Print the lines in the listing below that fall between the line with "Comfortable and durable" and the line with "Taking liberties from", those two lines included, exactly as they stand and with nothing else.

● **Given data**:
*** Begin section ***

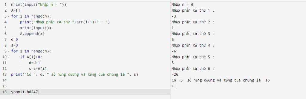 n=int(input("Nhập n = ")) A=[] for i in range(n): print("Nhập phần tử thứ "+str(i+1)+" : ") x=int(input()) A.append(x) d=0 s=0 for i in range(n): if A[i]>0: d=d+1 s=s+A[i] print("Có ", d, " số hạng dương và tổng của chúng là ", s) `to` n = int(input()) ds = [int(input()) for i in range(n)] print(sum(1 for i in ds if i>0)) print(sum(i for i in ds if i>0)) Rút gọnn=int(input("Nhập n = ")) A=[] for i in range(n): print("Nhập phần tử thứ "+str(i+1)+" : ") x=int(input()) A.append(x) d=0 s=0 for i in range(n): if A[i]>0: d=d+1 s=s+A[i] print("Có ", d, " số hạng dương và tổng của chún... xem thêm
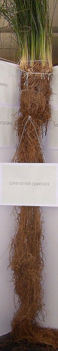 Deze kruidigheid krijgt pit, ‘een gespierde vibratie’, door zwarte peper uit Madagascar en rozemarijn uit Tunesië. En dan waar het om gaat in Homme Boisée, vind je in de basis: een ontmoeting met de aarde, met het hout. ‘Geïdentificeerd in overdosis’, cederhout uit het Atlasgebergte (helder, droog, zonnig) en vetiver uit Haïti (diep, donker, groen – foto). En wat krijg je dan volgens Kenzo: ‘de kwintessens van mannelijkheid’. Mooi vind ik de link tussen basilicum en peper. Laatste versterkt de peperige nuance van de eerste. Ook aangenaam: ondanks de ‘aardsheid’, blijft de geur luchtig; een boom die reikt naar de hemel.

*** End section ***
*** Begin section ***

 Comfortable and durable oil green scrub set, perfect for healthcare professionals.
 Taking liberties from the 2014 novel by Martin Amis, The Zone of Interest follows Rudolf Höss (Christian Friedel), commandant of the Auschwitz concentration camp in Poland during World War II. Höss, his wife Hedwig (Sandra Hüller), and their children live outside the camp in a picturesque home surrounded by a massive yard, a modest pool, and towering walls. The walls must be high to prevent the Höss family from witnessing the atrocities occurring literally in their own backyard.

*** End section ***
*** Begin section ***

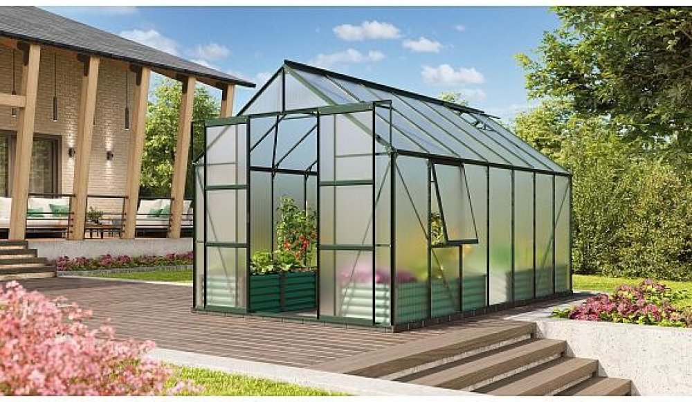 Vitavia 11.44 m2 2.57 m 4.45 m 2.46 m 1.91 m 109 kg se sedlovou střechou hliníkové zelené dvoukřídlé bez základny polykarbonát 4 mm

*** End section ***

● **Reply**:
 Comfortable and durable oil green scrub set, perfect for healthcare professionals.
 Taking liberties from the 2014 novel by Martin Amis, The Zone of Interest follows Rudolf Höss (Christian Friedel), commandant of the Auschwitz concentration camp in Poland during World War II. Höss, his wife Hedwig (Sandra Hüller), and their children live outside the camp in a picturesque home surrounded by a massive yard, a modest pool, and towering walls. The walls must be high to prevent the Höss family from witnessing the atrocities occurring literally in their own backyard.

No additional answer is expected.